Institutional Watch

SAPS faces long, hard road to reconquer credibility

Commissioner Riah Phiyega
Commisioner Riah Phiyega.jpg

In the transition to democracy in South Africa the South African Police Service as key institution of state has fallen victim of mismanagement and political interference.

In a constitutional democracy it is the responsibility of the state, and government of the day, to ensure a save and stable socio-economic environment for citizens to go about their daily lives in peace and harmony.

The constitution provides for a number of key state institutions to facilitate the discharge of this duty in an effective, sustainable and even-handed way.

As South Africa entered a second phase of its transition to a ‘normalised’ democracy, a number of these institutions have come under strain. None more so than the SAPS, which can be regarded as a vital frontline institution.

It has reached a stage where the SAPS is in dire need of a turnaround strategy if South Africa is to stay a stable state.

Failure or negligence is non-negotiable

Unfortunately, despite scores of dedicated, professional policemen and women, the SAPS is failing in its constitutional responsibility, with devastating consequences.

The message is loud and clear – the SAPS urgently requires a successful turnaround strategy, otherwise the country runs the risk of sinking into anarchy with mob justice prevailing.

There are many causes for the decline of SAPS and it did not happen overnight.

It is incomprehensible why so little has been done by those in power to arrest the decay.

The net result witnessed now is a populace who has not only has lost trust in and respect for the police, but are also fearful of them.

Criminals, on the other hand, have become more brazen and show less fear when confronted. This is illustrated by the increasing number of murdered police officers.

So far this year more than seventy police officers have been killed by criminals, prompting the police and prison union POPCRU to discourage young people from joining the SAPS, saying they will be placing their lives at risk.

There is general consensus that much of the decline and paralysis experienced by the SAPS could be linked to political interference.

An expert on police matters even ventured to conclude that political leaders have not recognised policing as an important profession that requires high levels of skill and integrity.

This might be a harsh judgement, but is endorsed by the appointment of the last three police commissioners. All of them political appointments, and all three disastrous.

Lack of policing experience and a ‘feel’ for a highly demanding job, left them unsuited and unprepared for challenge:

  • Jackie Selebi, protégé of former president Thabo Mbeki left his office disgraced and died a convicted criminal;
  • President Zuma’s first appointment, Bheki Cele, seemed to think the job simply required tough talk. A ‘maximum force’ doctrine took root, military ranks were reintroduced and ‘shoot to kill’ political rhetoric became commonplace in the mistaken belief it would scare off criminals and arrest South Africa’s soaring crime rate. Cele also vacated his post in disgrace, fired by the president, following a board of inquiry that found he had acted unlawfully in a R1.7 billion police headquarter lease deal; and
  • On the watch of his replacement, Riah Phiyega, the Marikana tragedy occurred. She is now fighting to remain in her post, while she also stands accused of a litany of misdemeanours, including perjury, fraud, misconduct and wasteful expenditure. Her political masters have turned on her and the count-down to her replacement has in all probability already begun.

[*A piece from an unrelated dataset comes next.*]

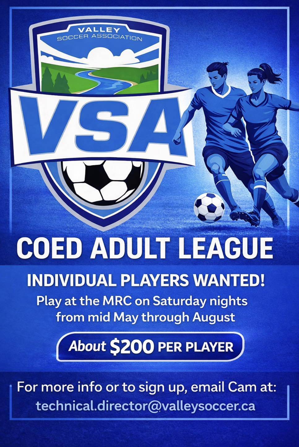 With multiple teams already registered, several are still in need of additional players to complete their rosters. Anyone interested in joining or looking for more information is encouraged to contact Cam at technical.director@valleysoccer.ca.
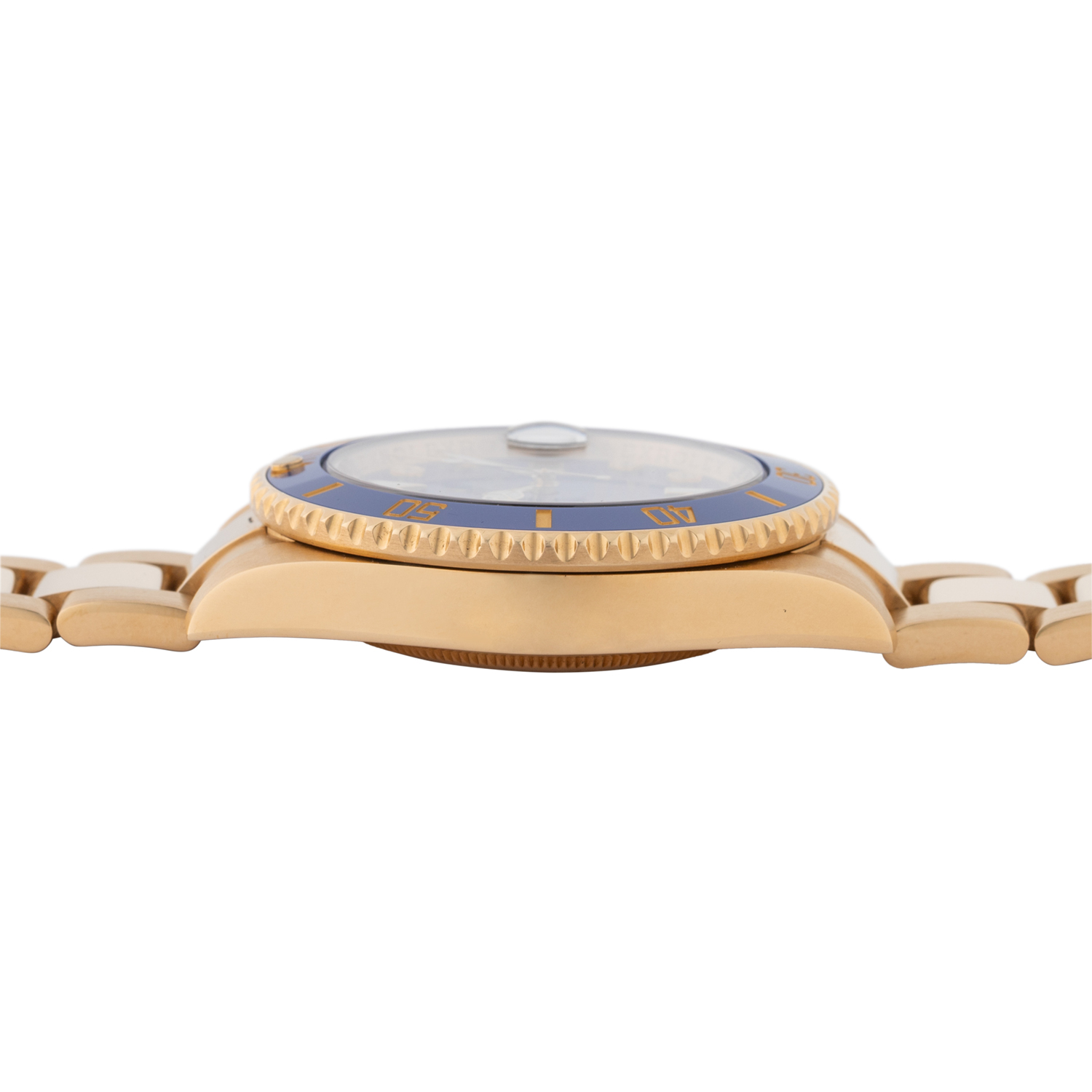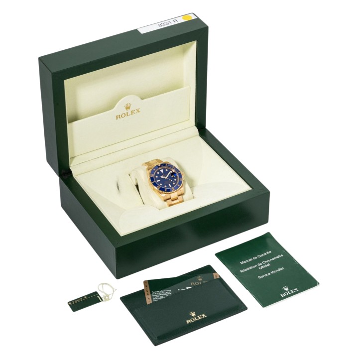 Gelbgold 18K. Seriennummer 84P63398. Automatik-Werk Kal. 31354 mit sehr guten Gangwerten (+6 s/d. 276° Amplitude). Blaues Zifferblatt mit Factory Diamanten Indizes und Datumsanzeige. Blaue Lünette mit goldfarbener Schrift. Rolex Armband aus 18K Gelbgold mit Faltschließe. Guter Zustand mit Tragespuren. Original Box, Hang Tag, Card Folder, Garantieheft und Garantiekarte anbei. Gekauft im Oktober 2013 bei Juwelier Eckstein in Saarbrücken. Durchmesser ca. 40 mm (gemessen ohne Krone). Passend bis zu ca. 17,5 cm Handgelenkumfang.

SAPS public image taking a beating                                                                                  

The process of country’s most senior police officers vacating their offices in disgrace and other senior police officers slugging it out in court battles with unmistakable  political undertones, has caused irreparable damage.

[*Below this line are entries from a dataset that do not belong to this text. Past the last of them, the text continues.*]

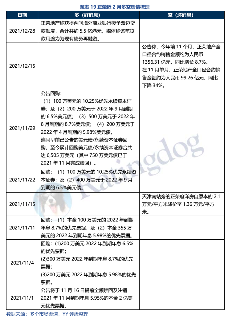 (6)尋求金融機(jī)構(gòu)支持:世茂尋求招行增加敞口、和信托談?wù)蛊?,禹洲找橡?shù)資本融資(未果),正榮獲得境外銀行雙邊貸款。
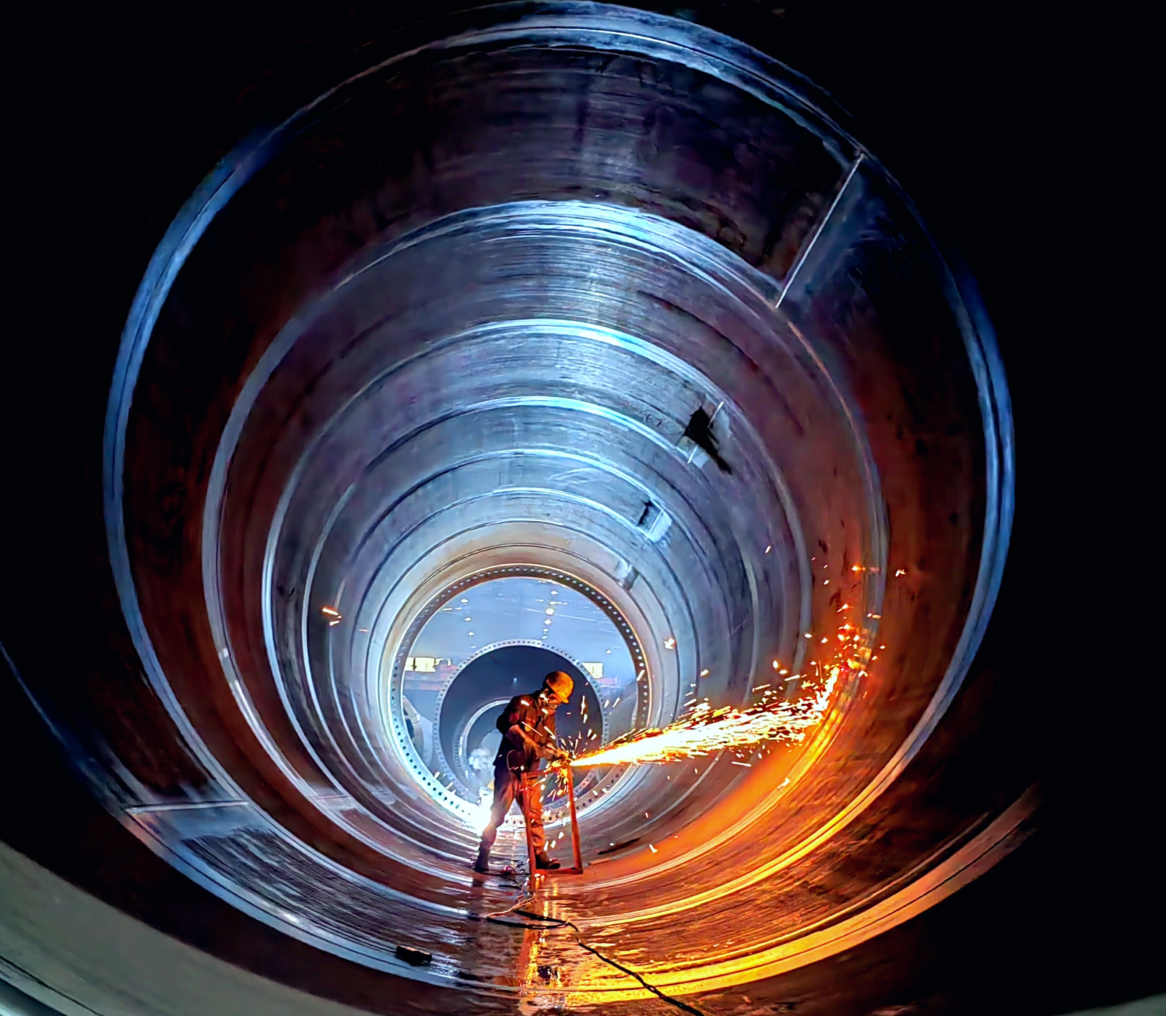 在中國二冶包頭鋁業達茂旗120萬千瓦風電塔筒制作現場,工人們正熱火朝天地生產趕工,不時傳來的機器轟鳴聲、工人呼喊聲、設備運轉聲,成為企業鉚足干勁開新局的生動寫照。
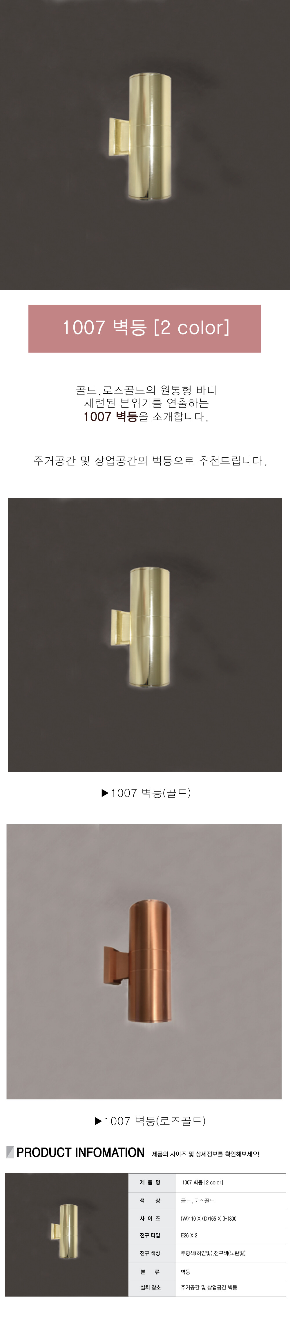 1007 원통 2등 벽등 [2 color] [채널A '거짓말의 거짓말' 협찬조명]
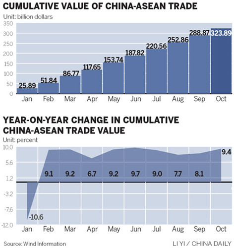 By 2015, bilateral trade is set to reach $500 billion. According to the council, Chinese enterprises had invested $18.5 billion in ASEAN countries by the end of October of this year.
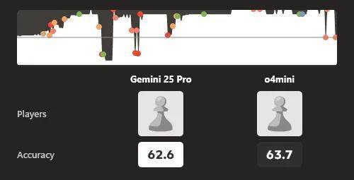另外,在季军争夺战中,Gemini 2.5 Pro 以 3.5-0.5(三胜一和)强势击败了 o4-mini
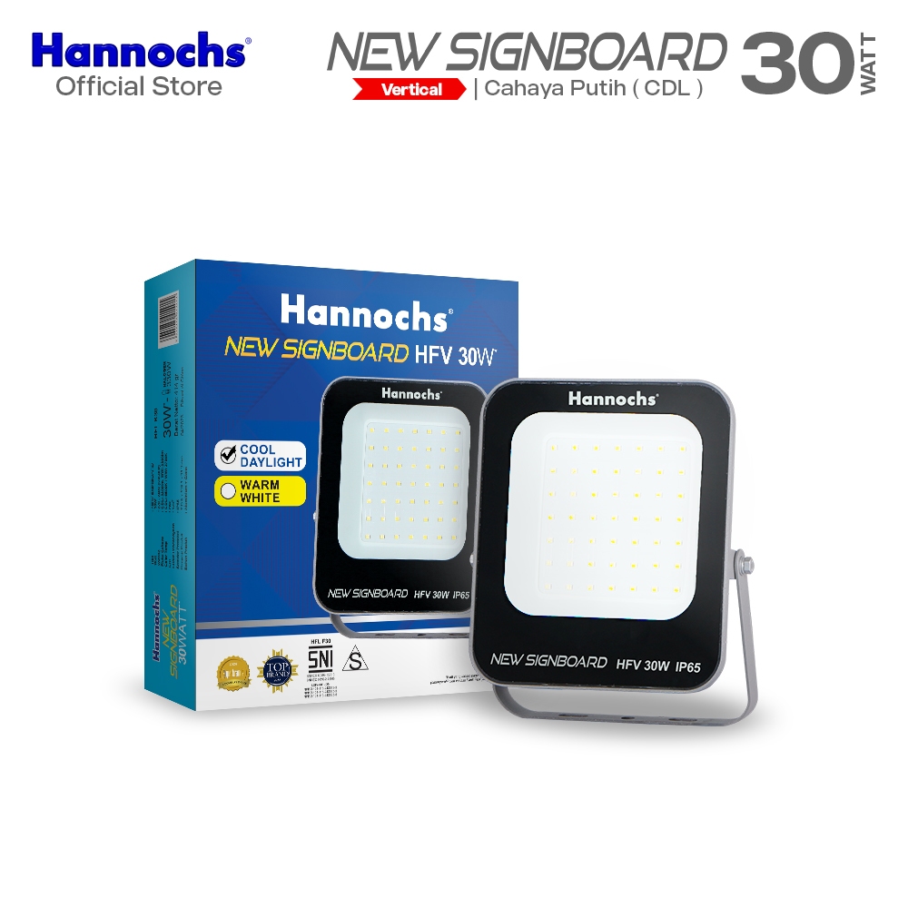 Hannochs Lampu Sorot LED Flood Light New Signboard HFV 30W Cahaya Putih (Model Vertikal)
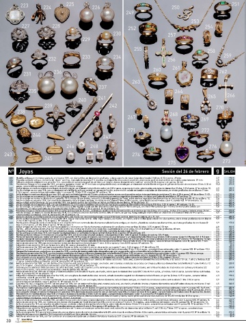 276 Anillito en oro amarillo 18 K, con flor central en oro blanco matizado con un diamantito talla brillante de 0.01 ct aprox. Nº de anillero: 15. 1,2 80 € 326 Pendientes largos con dos perlas cultivadas de 9 mm, unidas entre sí por una cadenita de oro amarillo 18 K . Presiones de silicona. 68 mm. 6,4 190 €
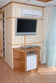 Всего (5 номеров). Двухместные номера, в номере две односпальные кровати, столик, шкаф для одежды, ТВ, DVD, два стула, кондиционер, телефон. В туалетной комнате: душ, унитаз, раковина, зеркало, фен.
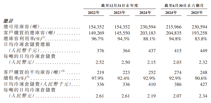 面对宏观挑战,公司业绩始终保持稳定:2022-2024年营收分别为人民币2.37亿元、2.01亿元、2.34亿元,2025年上半年营收同比增长5.08%至1.18亿元;同時,收入结构持续优化,冷冻食品仓储服务占比从2022年的58%提升至2025年上半年的68.8%,门店租赁服务占比从16.7%增至 20.1%,多元化结构有效分散风险。
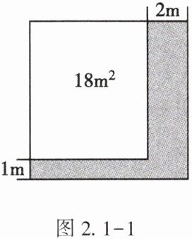 9. (★)公园有一块正方形的空地,后来从这块空地上划出部分区域栽种鲜花(如图2.1 - 1),原空地一边减少了1m,另一边减少了2m,剩余空地的面积为$18m^2$,求原正方形空地的边长。设原正方形空地的边长为$x$m,则可列方程为【 】
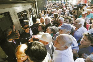 | |  |  | 7月1日,在希腊首都雅典一家国有银行外,退休的老人们等待领取养老金。 因资本管制而暂停对外营业的希腊银行当天仅对养老金领取者开放。每名退休人员最多可以领取120欧元现金。6月30日晚,欧洲金融稳定机构发表声明说,希腊现有的救助协议于当夜12点到期,希腊将无法得到该协议尚未发放的18亿欧元贷款。
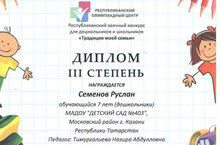 Поздравляем наших воспитанников, Семеновых Руслана и Ясмину, с победой в республиканском конкурсе "Традиции семьи", организованного республиканским олимпиадным центром. Руководитель:Тимургалиева Назира Абдулловна.
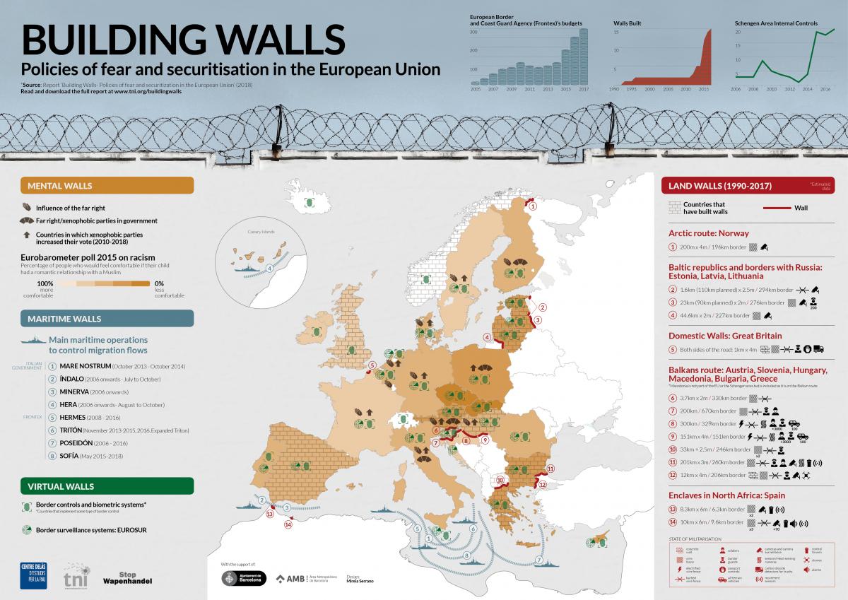 Het rapport onderzoekt de verschillende muren die de afgelopen jaren in Europa zijn opgebouwd, inclusief maritieme muren, zoals Frontex-operaties op de Middellandse Zee. Van de acht maritieme operaties heeft geen enkele het redden van mensen als voornaamste doel :allen richten zich op het tegenhouden van vluchtelingen.

Abusing the SAPS in efforts to obtain the upper hand in frequent power struggles and faction fighting, now a trademark of the rapidly fracturing Tripartite Alliance, is also not helping to restore the image and cohesion in SAPS.

The net effect of persistent confusion, rivalry and innuendos in the higher echelons of SAPS is telling on morale and discipline. It cannot be divorced from the extraordinary high levels of corruption and brutality committed by police officers.

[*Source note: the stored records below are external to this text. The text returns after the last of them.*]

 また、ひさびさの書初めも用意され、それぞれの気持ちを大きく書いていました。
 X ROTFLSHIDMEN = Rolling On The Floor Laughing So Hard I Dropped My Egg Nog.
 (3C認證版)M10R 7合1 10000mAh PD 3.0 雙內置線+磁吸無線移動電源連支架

It is an indictment against the SAPS management and political leadership when a police service gains notoriety for brutality against those it is supposed to serve and protect.

The Sunday Times on 15 November 2015 carried an exposé on police brutality, concluding it has spiralled out of control, with torture and alleged executions becoming commonplace.

According to this report almost all categories of police brutality are increasing. Torture is up by 86%. “But human rights lawyers and researchers interviewed say this is the tip of the iceberg because most victims are too afraid to report the crime and torture is often classified as assault.”

Official statistics reveal that in the past year police killed 423 people; 244 others died in custody, 3711 were assaulted and 145 tortured.

Statistics in 2013 showed that total civil claims against the police for abuses, including wrongful arrests and destruction of property, more than doubled since 2011 to R14.7 billion. In 2014 it totalled R9.5 billion.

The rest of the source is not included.